Note.—Italic characters denote ancient paralogs, that is, duplication occurred in the algal donor, and both copies were possibly acquired via EGT.

aPossible origins in C. velia. R: Red algae; G: Green algae; R/G: Red and/or Green algae; R/Gl: Red and/or Glaucophyte algae; R/G/Gl: Red and/or Green and/or Glaucophyte algae.

bAs inferred in Woehle et al. (2011).

cCoverage is defined here as the length of the C.velia gene fragment divided by the total length of the alignment after masking of the poorly aligned sites (trimal).

dAlso recovered in Woehle et al. (2011).

All in all, detailed inspection of automatically parsed trees recovered a mere 51 genes in this C. velia EST dataset possibly supporting transfers from an algal endosymbiont, although sampling is often so limited as to preclude any strong conclusions about the direction of the transfer. Interestingly, 47% (24/51) of these EGT candidates were also predicted to encode an N-terminal plastid targeting presequence (Woehle et al. 2011), providing an independent evidence of their link to the plastid (table 1). Other aspects of these trees are not so easily explained. For example, 12 genes inferred to be of red algal origin included chlorarachniophytes in the “red” clade, but these algae possess green secondary plastids (Rogers et al. 2007). Although compatible with the nested phylogenetic position of the chlorarachniophyte host among the red algal plastid-containing groups stramenopile, alveolate, and hatophytes (Burki et al. 2007; 2012), it implies additional HGT events either before or after the establishment of its green plastid (Archibald et al. 2003).

Most importantly, however, these analyses show that large-scale phylogenomic pipelines can result in drastic differences: from the same transcriptome data we identified 51 putative algal-derived genes, versus 513 identified by Woehle et al. (2011).

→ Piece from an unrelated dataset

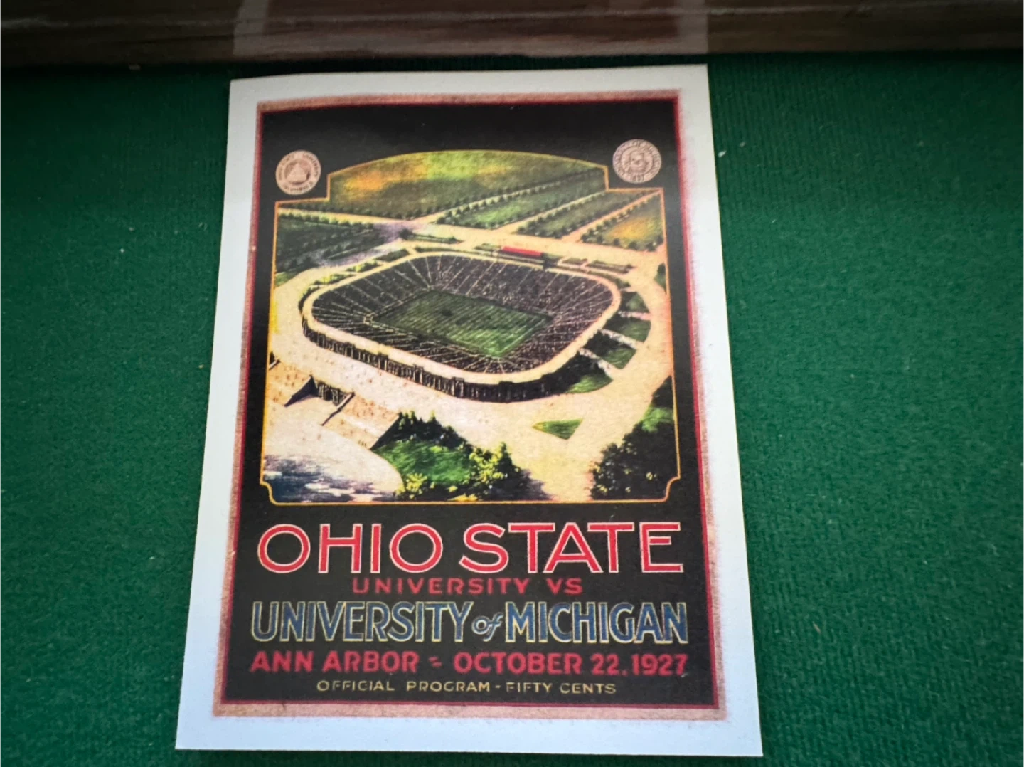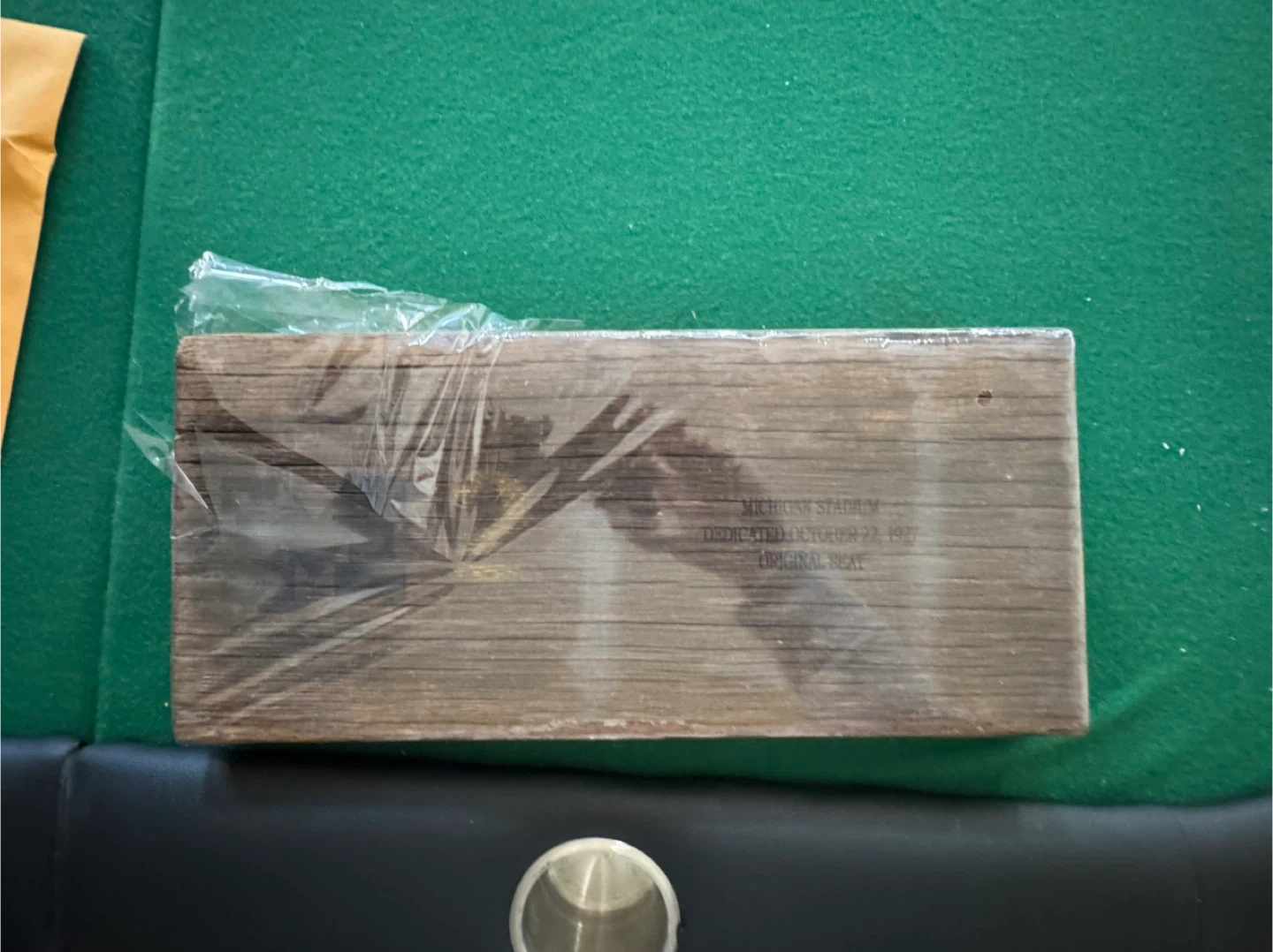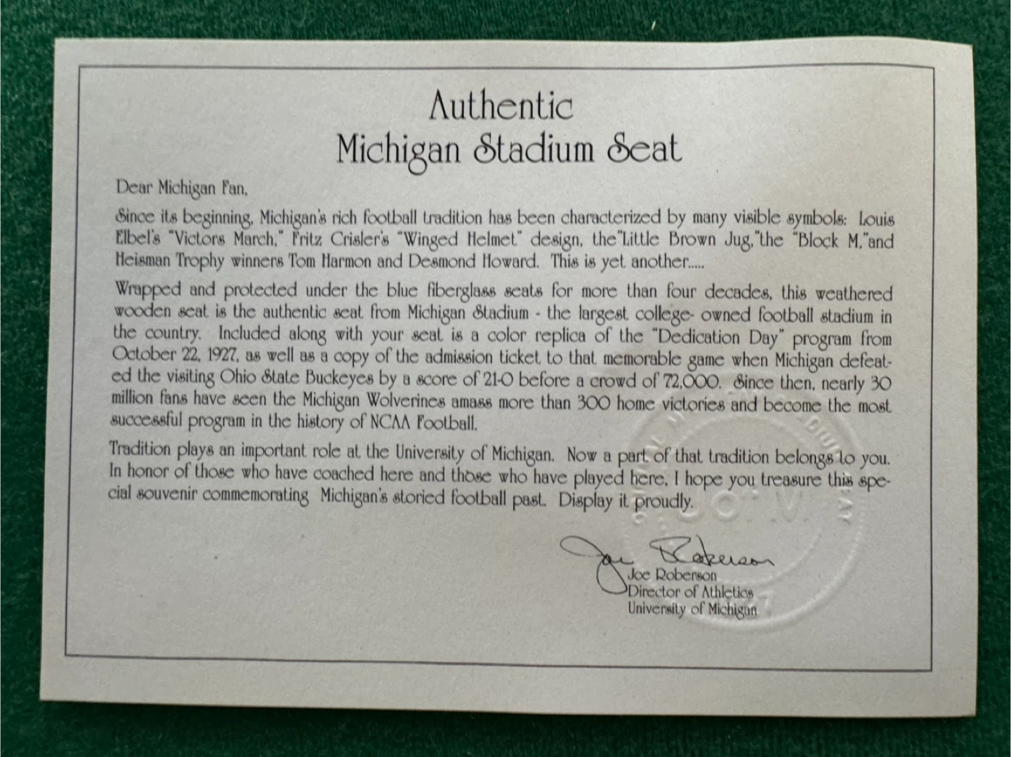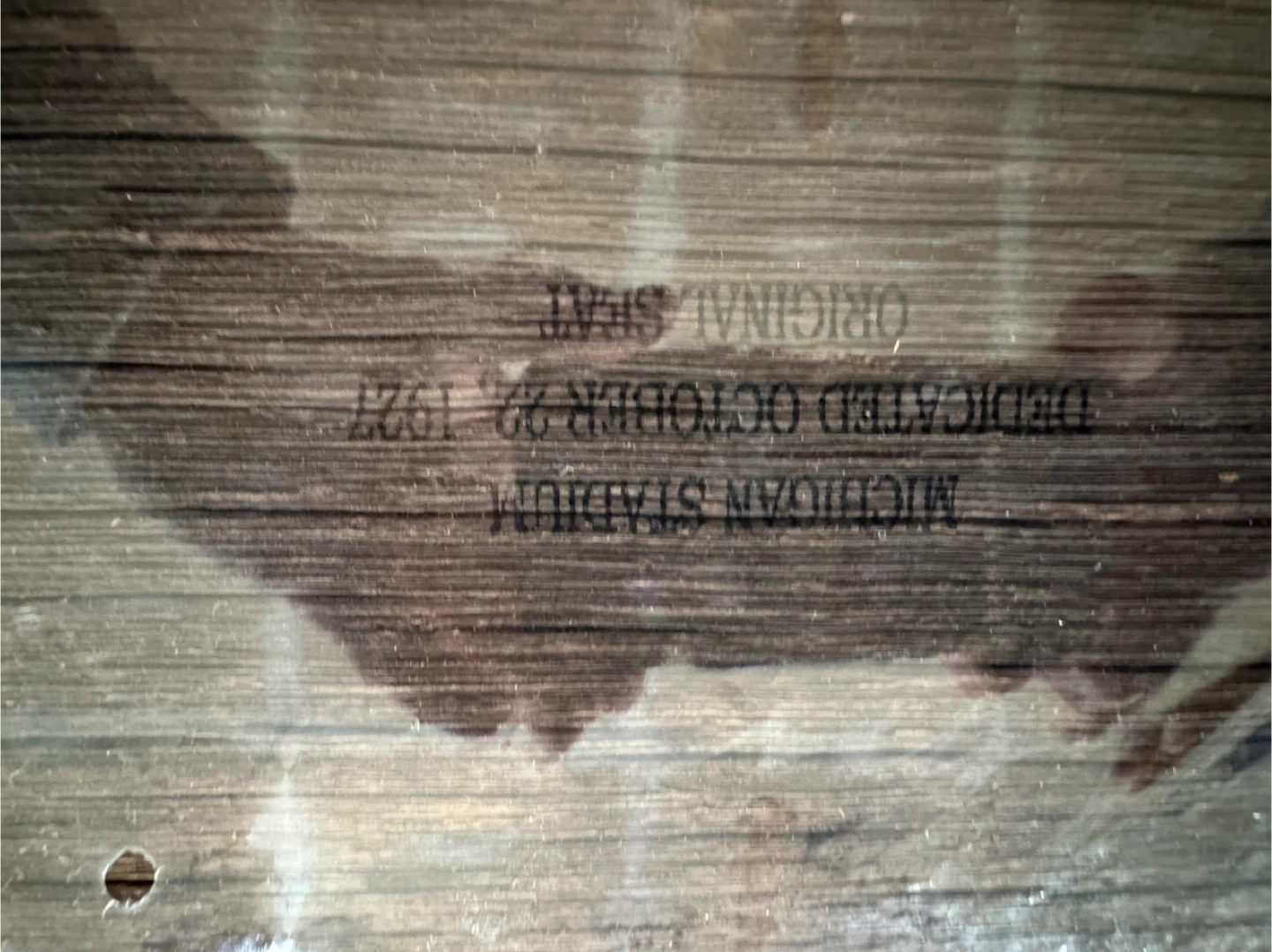Authentic Michigan Stadium seat dedicated October 22, 1927. This weathered wooden seat is the authentic seat from Michigan Stadium. Included along with your seat is a color replica of the 'Dedication Day' program from October 22, 1927, vs the visiting Ohio State Buckeyes.

But this is only part of the problem, because the overlap in genes identified by the two analyses was only eight genes, meaning that 43 (84%) of the genes that we identified were not recovered by Woehle et al. (2011), whereas 505 (98%) of the genes they identified did not meet our criteria (fig. 4). We see a number of explanations for this discrepancy, some of which compound the effects of others. (1) The database used in Woehle et al. (2011) to populate the phylogenetic trees led to misleading results. Very limited sampling for land plants (only two representatives, A. thaliana and Physcomitrella patens) did not permit to recover the monocot signal in 109 genes, 10 of which were wrongly classified as contributing to the green signal in Woehle et al. (2011) (fig. 4; supplementary table S1, Supplementary Material online). The absence of prokaryotes was also problematic and precluded the identification of several instances of complicated phylogenetic patterns (including non-exclusive HGTs) rather than evidence of red and green signals. Supplementary figure S5 (Supplementary Material online) shows examples of such phylogenies impacted by the inclusion of prokaryotes that do not support an algal ancestry in C. velia, but were inferred to do so in Woehle et al. (2011). (2) The procedure to select the final taxa entering the phylogenetic reconstruction step in Woehle et al. (2011) interfered with the interpretation of the resulting trees. Specifically, all taxa except C. velia, red and green alga, and an outgroup were removed from clusters of homologous sequences prior to the phylogenetic reconstructions, which likely exacerbated the problem outlined above. (3) No statistical support was used to evaluate the robustness of the trees, resulting in many trees showing only weak affinity to red or green algae yet classified as contributing to the overall photosynthetic signal.

Fig. 4.—

Venn diagram showing the number of overlapping genes between this study and Woehle et al. (2011). The filled circles correspond to the genes recovered in this study.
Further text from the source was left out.